PROVIDED DATA:
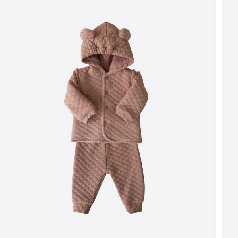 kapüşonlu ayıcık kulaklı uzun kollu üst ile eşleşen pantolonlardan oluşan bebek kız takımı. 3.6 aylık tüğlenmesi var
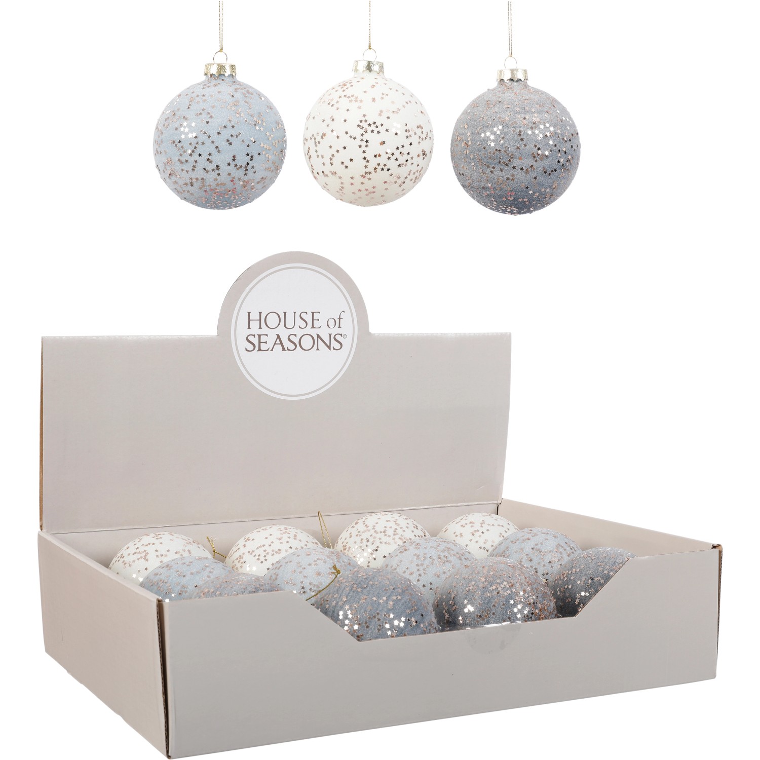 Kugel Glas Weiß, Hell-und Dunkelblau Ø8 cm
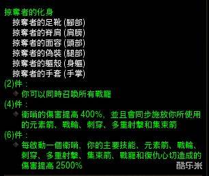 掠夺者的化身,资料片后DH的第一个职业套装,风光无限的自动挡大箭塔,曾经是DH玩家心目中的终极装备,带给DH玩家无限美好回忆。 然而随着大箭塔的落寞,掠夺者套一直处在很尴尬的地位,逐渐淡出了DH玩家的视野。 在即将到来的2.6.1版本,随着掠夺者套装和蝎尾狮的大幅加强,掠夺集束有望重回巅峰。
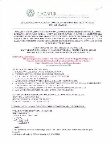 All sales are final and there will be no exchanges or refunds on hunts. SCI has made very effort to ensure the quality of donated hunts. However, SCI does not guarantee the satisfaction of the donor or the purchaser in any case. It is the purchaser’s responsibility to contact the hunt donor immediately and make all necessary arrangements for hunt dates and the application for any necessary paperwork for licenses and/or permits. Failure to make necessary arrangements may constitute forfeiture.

--

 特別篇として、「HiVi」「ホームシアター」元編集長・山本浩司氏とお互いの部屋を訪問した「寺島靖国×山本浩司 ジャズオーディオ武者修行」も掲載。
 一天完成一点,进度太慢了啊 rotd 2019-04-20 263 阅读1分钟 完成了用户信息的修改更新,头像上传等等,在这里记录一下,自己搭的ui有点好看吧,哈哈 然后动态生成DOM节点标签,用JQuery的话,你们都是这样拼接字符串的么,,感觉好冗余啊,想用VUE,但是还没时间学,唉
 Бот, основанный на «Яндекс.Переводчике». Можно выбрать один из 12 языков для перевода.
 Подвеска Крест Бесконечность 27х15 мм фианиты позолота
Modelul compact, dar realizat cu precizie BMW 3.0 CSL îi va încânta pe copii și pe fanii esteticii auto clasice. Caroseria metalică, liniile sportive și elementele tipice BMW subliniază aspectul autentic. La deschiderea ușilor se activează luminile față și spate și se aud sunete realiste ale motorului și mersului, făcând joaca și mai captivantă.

---

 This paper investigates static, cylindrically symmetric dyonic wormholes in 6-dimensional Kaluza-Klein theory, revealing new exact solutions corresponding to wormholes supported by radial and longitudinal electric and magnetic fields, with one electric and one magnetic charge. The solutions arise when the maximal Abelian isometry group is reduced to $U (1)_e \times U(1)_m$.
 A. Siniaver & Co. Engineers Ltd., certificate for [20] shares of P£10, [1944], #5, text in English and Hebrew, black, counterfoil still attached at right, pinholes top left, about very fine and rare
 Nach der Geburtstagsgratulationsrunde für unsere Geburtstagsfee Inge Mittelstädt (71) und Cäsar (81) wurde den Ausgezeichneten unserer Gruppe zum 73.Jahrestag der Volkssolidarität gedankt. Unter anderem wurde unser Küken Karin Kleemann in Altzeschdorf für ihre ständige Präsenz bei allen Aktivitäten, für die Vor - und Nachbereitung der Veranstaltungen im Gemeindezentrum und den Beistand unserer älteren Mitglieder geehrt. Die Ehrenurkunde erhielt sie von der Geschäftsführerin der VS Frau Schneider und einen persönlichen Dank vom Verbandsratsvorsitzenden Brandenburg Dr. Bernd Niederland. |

TASK TO CARRY OUT: From the line that has "Бот, основанный на" through the line that has "Modelul compact, dar", copy every line exactly as it appears above, and leave out all others.

SOLUTION TO THIS PROBLEM:
 Бот, основанный на «Яндекс.Переводчике». Можно выбрать один из 12 языков для перевода.
 Подвеска Крест Бесконечность 27х15 мм фианиты позолота
Modelul compact, dar realizat cu precizie BMW 3.0 CSL îi va încânta pe copii și pe fanii esteticii auto clasice. Caroseria metalică, liniile sportive și elementele tipice BMW subliniază aspectul autentic. La deschiderea ușilor se activează luminile față și spate și se aud sunete realiste ale motorului și mersului, făcând joaca și mai captivantă.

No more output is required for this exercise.